■ **Task directions**
The expected output is an exact copy of the lines from the one containing "Алтайская федерация керлинга" to the final line below, minus any pictures.

━━ Exercise input ━━

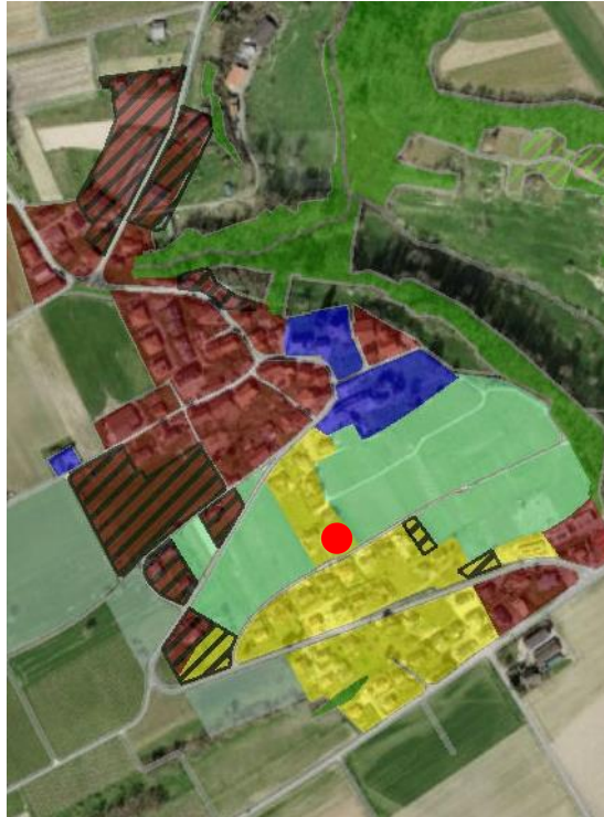
Extrait du plan d'affectation communal issu du guichet cartographique cantonal, échelle 1:10'000

Le Plan général d'affectation de la Commune de Constantine a été approuvé par le Département en charge de l'aménagement du territoire le 16 mai 2000.
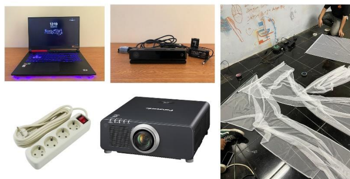
(Gambar 1 Pemasangan Projektor)

Pemilihan medium untuk pembuatan karya seni interaktif menggunakan alat-alat pilihan agar nantinya karya berjalan sesuai yang telah dikonsepskan, medium karya seni interaktif ini menggunakan laptop sebagai inti dari karyanya laptop digunakan dari awal pembuatan sketsa sampai proses penampilan visual, alat pendukung lainnya seperti kinect, kain holoscreen , projector dan alat lainnya.
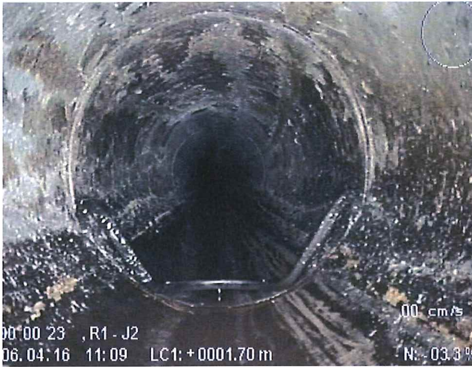
Poškodovana ležišča tesnil , obrušene stene
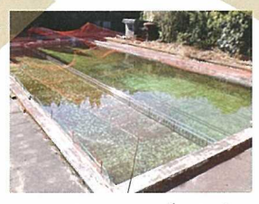
ニジマスの養殖場

右に行くと「清流」の方へ 左に上がると地区公民館の駐車場 → 巴ヶ窯に着きます。
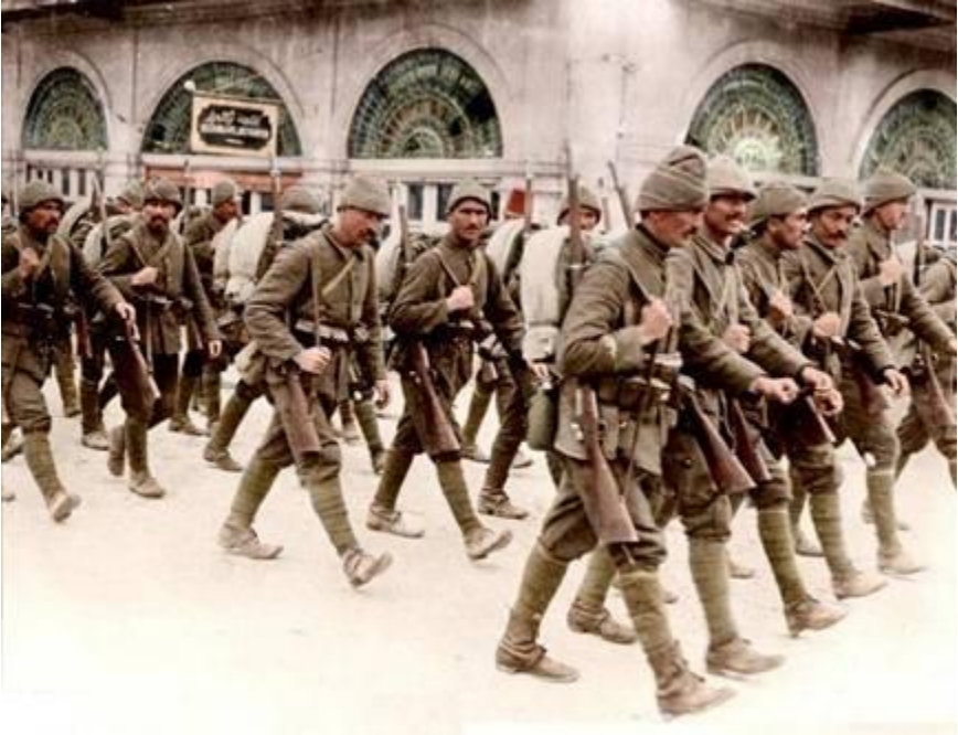
ოსმალთა ქვეითი ჯარი (1918 წ.)
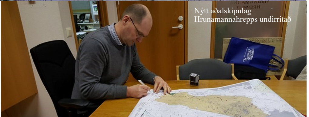
Nýtt aðalskipulag Hrunamannahrepps undirritað
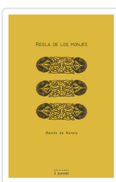
REGLA DE LOS MONJES BENITO DE NURSIA
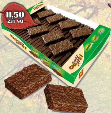
WAFLE HAWAJKI LUZ
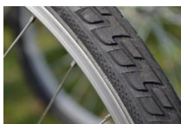
6. Velosipēda riepa
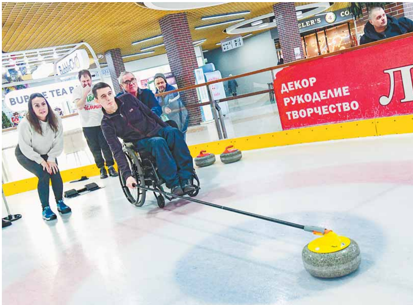
Алтайская федерация керлинга уже готовит молодую команду Барнаула к участию в российских чемпионатах.
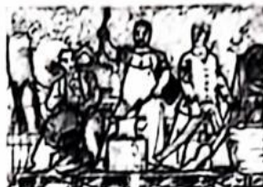
图3 供应城市需要，支援工业建设（1956）

━━━

■ **Your solution**
Алтайская федерация керлинга уже готовит молодую команду Барнаула к участию в российских чемпионатах.
图3 供应城市需要，支援工业建设（1956）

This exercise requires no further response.